• TASK DIRECTIONS: What follows is a set of records. Retype them exactly, leaving out the pictures.

• DATA PROVIDED:
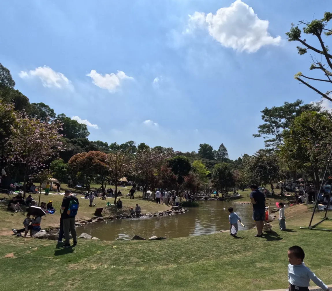 人虽然多,但是地方够大够宽够长。🈶湖🈶花草🌿树木🌲,这里是天然氧吧,🈶徒步平路。
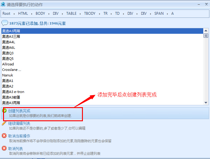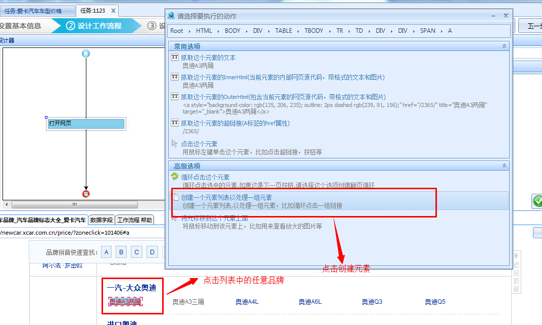 第三步,點(diǎn)擊要采集的頁面元素,比如說奧迪S7,系統(tǒng)彈出對(duì)話框后,選擇創(chuàng)建一個(gè)元素列表處理一個(gè)元素
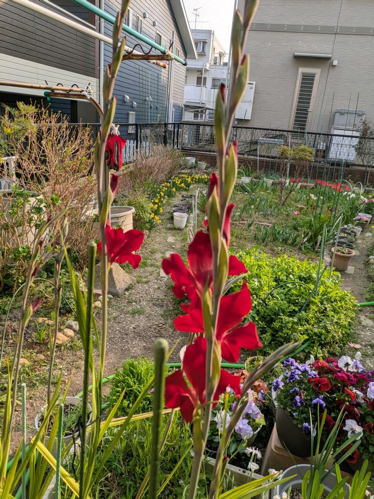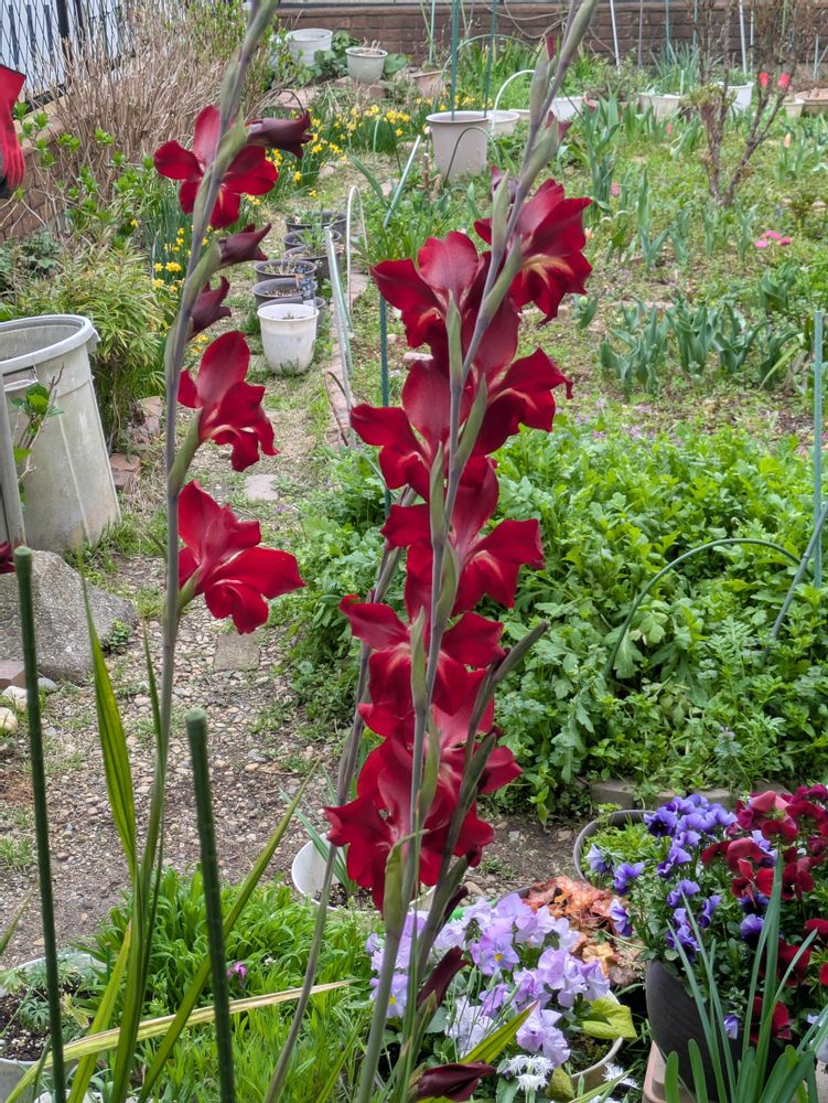 春咲きのグラジオラスが長く咲いてきました。黄色いスイセンは、終わりかけ。
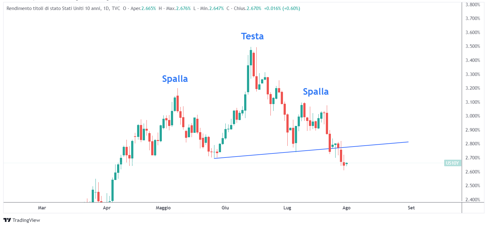 rendimenti 10 anni USA testa spalle
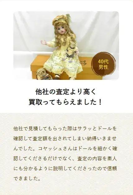 他店で断られたり、価値が分からない人形を1点からの査定希望でも出張してくれるコヤッシュ。
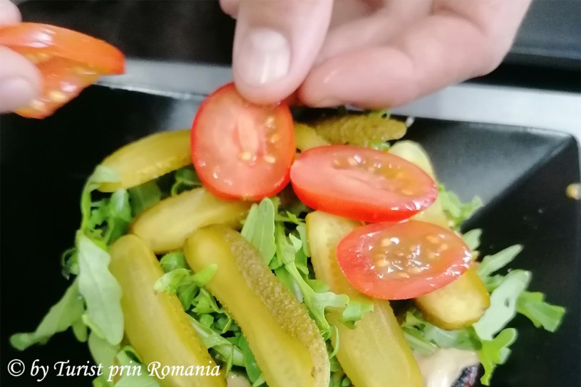 Pe un pat de rucola, chef Budai a așezat cu grijă prima parte de chiflă prăjită, apoi a adăugat sosul de burger, rucola, roșii și castraveți murați, chifteaua de carne, sosul de brânză, feliile de bacon puțin trase în ulei, apoi a adăugat cealaltă jumătate de chiflă.

• SOLUTION TO THIS PROBLEM:
 人虽然多,但是地方够大够宽够长。🈶湖🈶花草🌿树木🌲,这里是天然氧吧,🈶徒步平路。
 第三步,點(diǎn)擊要采集的頁面元素,比如說奧迪S7,系統(tǒng)彈出對(duì)話框后,選擇創(chuàng)建一個(gè)元素列表處理一個(gè)元素
 春咲きのグラジオラスが長く咲いてきました。黄色いスイセンは、終わりかけ。
 rendimenti 10 anni USA testa spalle
 他店で断られたり、価値が分からない人形を1点からの査定希望でも出張してくれるコヤッシュ。
 Pe un pat de rucola, chef Budai a așezat cu grijă prima parte de chiflă prăjită, apoi a adăugat sosul de burger, rucola, roșii și castraveți murați, chifteaua de carne, sosul de brânză, feliile de bacon puțin trase în ulei, apoi a adăugat cealaltă jumătate de chiflă.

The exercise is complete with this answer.